3.  NOT JUST FOR FICTION

This final thought is one that, at last, is becoming real for me as a teacher. Using visualization to comprehend nonfiction text, at first, seemed unnatural to me.  However, as we all know, the Common Core asks us to focus more on nonfiction text and, with this in mind, I started really thinking about how I personally use visualization to comprehend this broad genre.  This thinking has really opened up a completely new world for me in regards to how I teach the reading of nonfiction and how I also, as a side benefit, have enhanced my own skills in this area.  

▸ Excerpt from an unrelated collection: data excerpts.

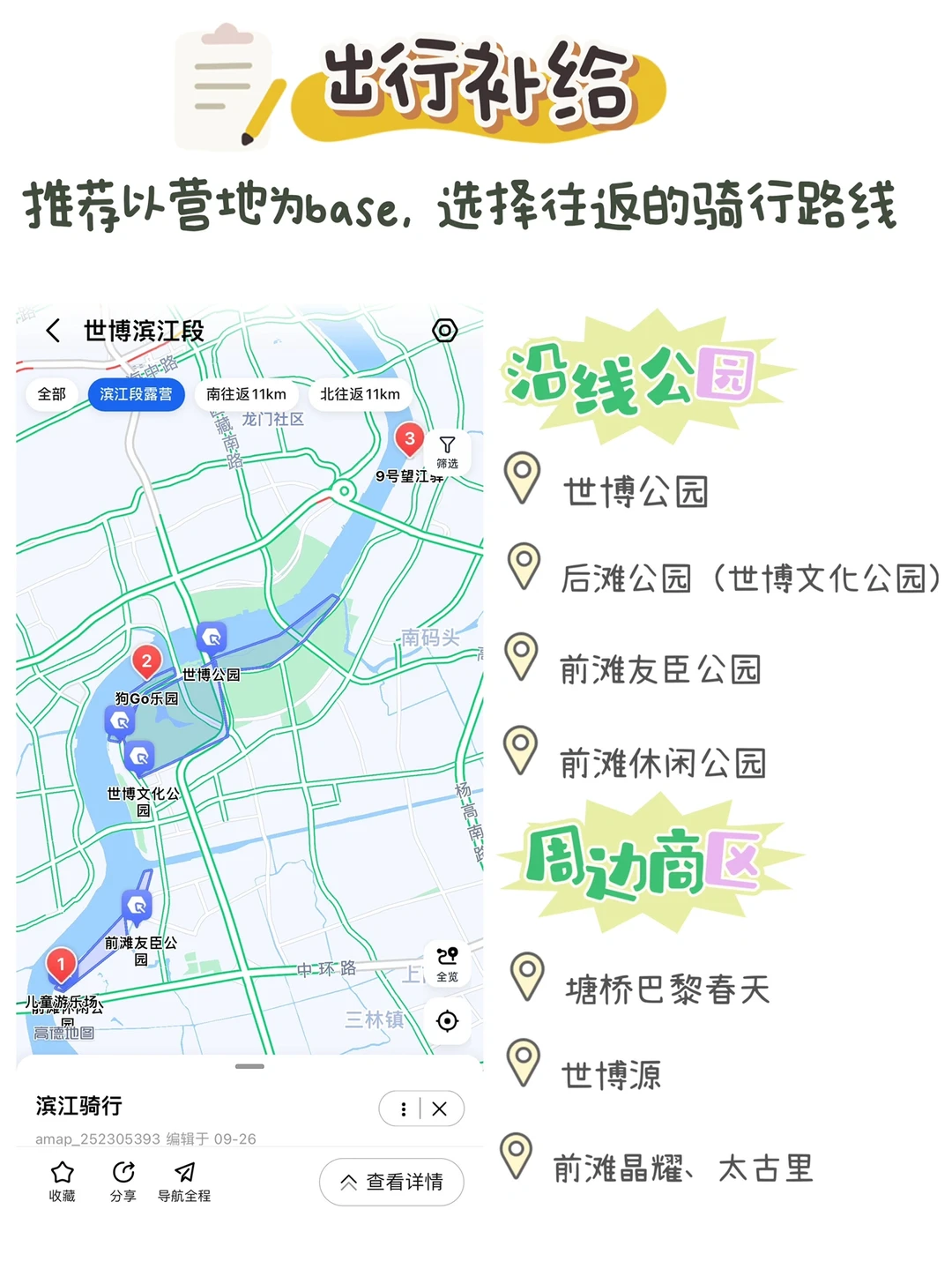 2 横跨10km的后滩滨江路段,由北到南的世博公园、后滩公园、前滩友臣公园、前滩休闲公园都可以扎营;
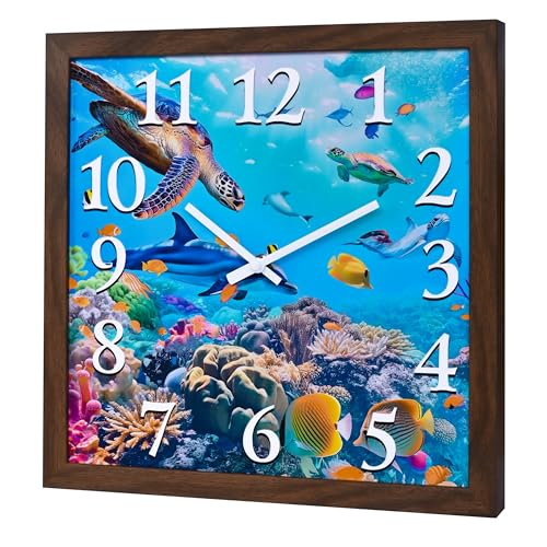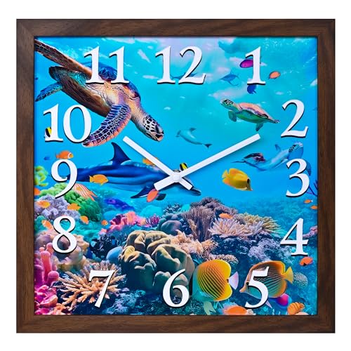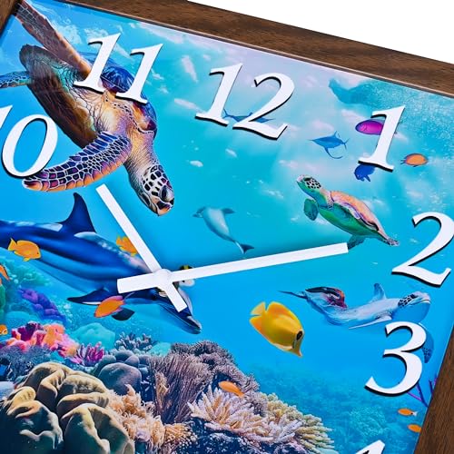 ?Creative Clock Design?The plastic oil painting dial has a Vast Underwater World in the background with white hands and white shaded numerals that are Easy to Read. The Wooden Vintage Frame is made of high quality ABS.
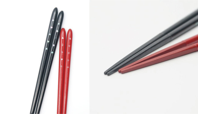手書きメッセージをプリントする箸は箸先の形状を四角形に加工し、つまみやすく使いやすい箸を採用しています。箸の持ち手部分の両面に螺鈿がきらめく一膳となっております。
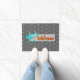 Orange welcome with retro aqua stars on a grey star pattern background.
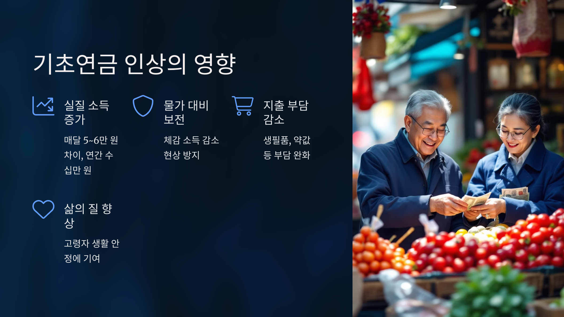 - ✔ 예: 물가 2.5% 상승 시 → 기초연금도 약 2.5% 인상
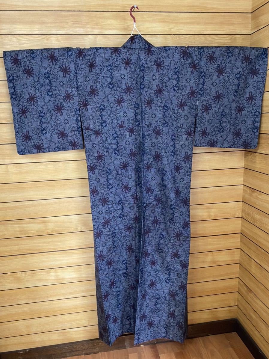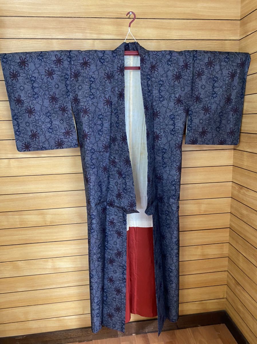 美品! 身丈152cm ★花柄 紺色 袷 日本舞踊 訪問着 着物
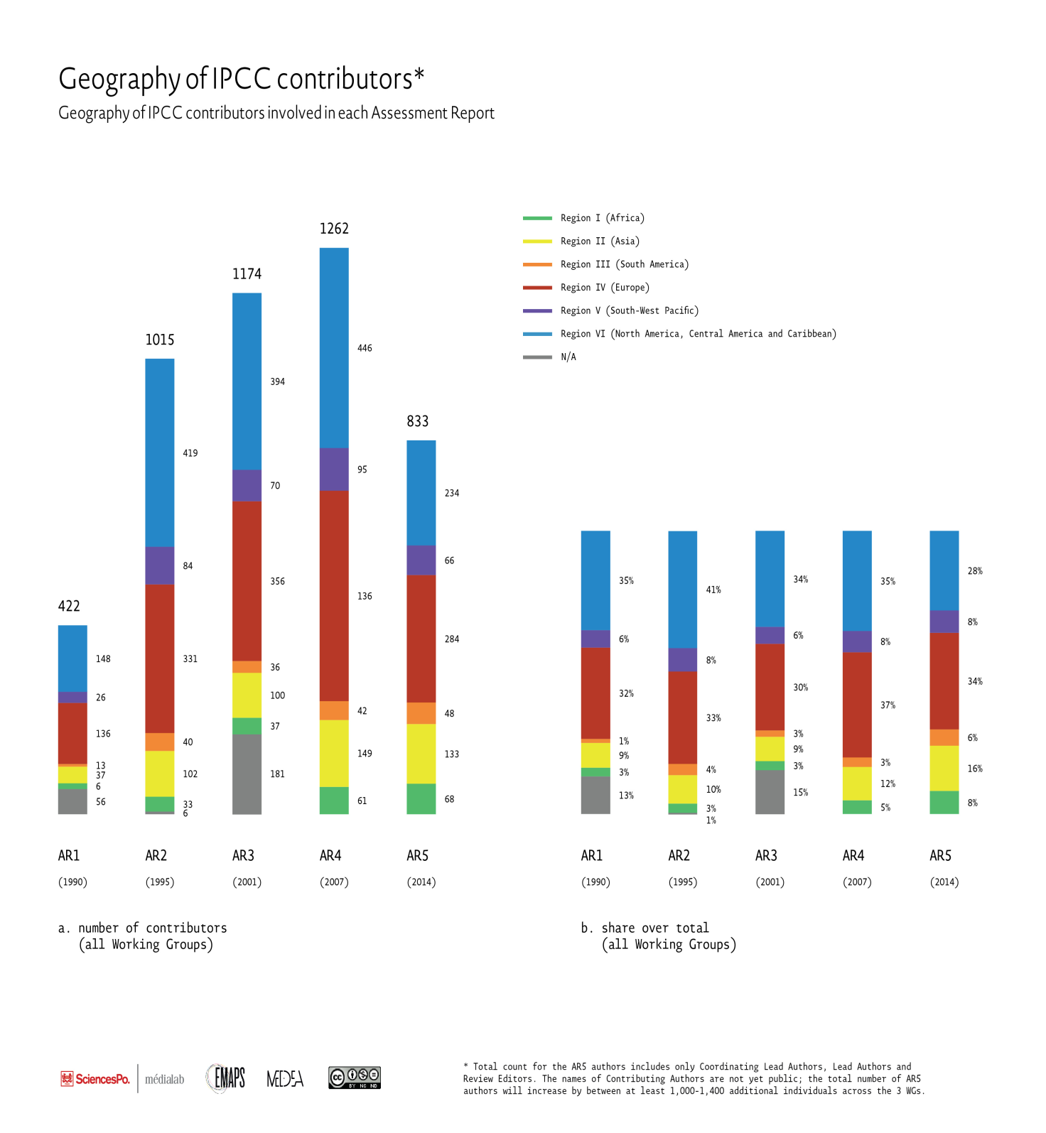 No entanto, a divisão Norte-Sul do trabalho no IPCC é significativa, demarcando e definindo o conhecimento sobre mudanças climáticas. Apesar da crescente atenção dada pelo comitê diretor do IPCC à participação de autores e revisores de países em desenvolvimento no processo de avaliação, o percentual tanto de autores quanto de revisores das nações do Sul global tem sido pequeno em todos os relatórios do IPCC (ver figura 1).
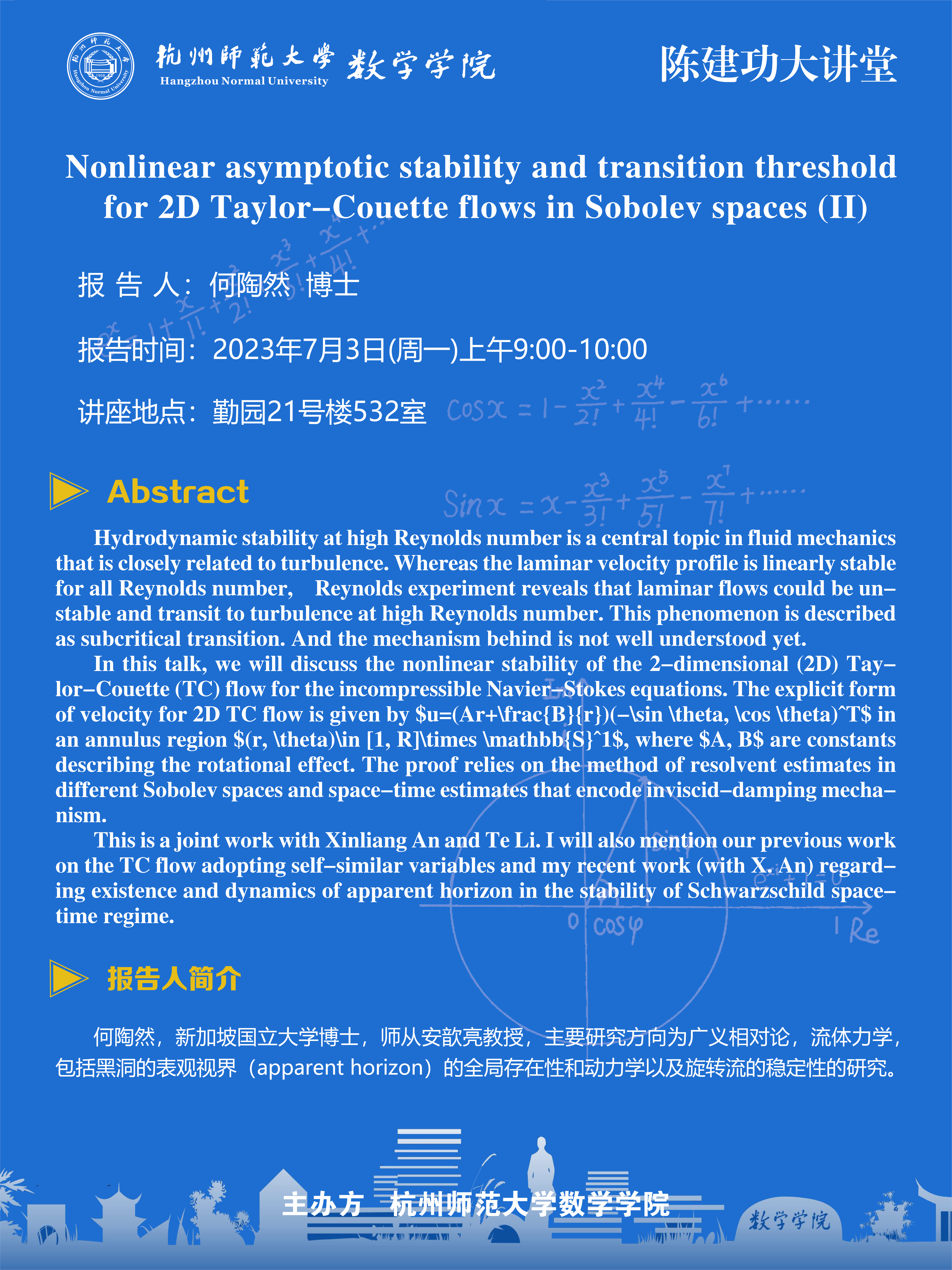 陈建功大讲堂:Nonlinear asymptotic stability and transition threshold for 2D Taylor-Couette flows in Sobolev spaces (II)

Alan Paivo’s research on dual coding reminds us of the importance of using visualization while reading nonfiction text.  In his research, he states that thinking consists of both a verbal and a nonverbal system.  When a reader creates a mental image that relates to what they read they make abstract ideas more concrete, memorable and meaningful. When reading nonfiction we are often reading for a purpose and we often hope to retain or remember certain information. Good readers create mental images that help them retain this information and understand the author’s message more clearly. For instance, a reader might create a mental picture of steps and arrange the information in a hierarchical way to understand the organization of the text’s ideas.  I have found that having students draw the organization images they are seeing to be a very effective study method. My class just finished a nonfiction book about growth mindset and what happens inside our brains as we learn new things. Together we visualized by making a mental picture in our minds of what our brain looks like as we learn.  Now, every time they need a little growth mindset reminder, I ask them to recall the picture we made. It has really helped make the the text more memorable and less abstract. These are skills that will help students throughout their lives to be more effective readers and learners.

On a more personal note, I have learned to practice visualization in my daily life outside of the classroom.  When cooking, I visualize myself performing each step of a recipe.  This has been hugely helpful!  I am actually able to remember what to do as three children are pulling on my pant legs and are doing their very best to distract the cook (me)!  Go visualization!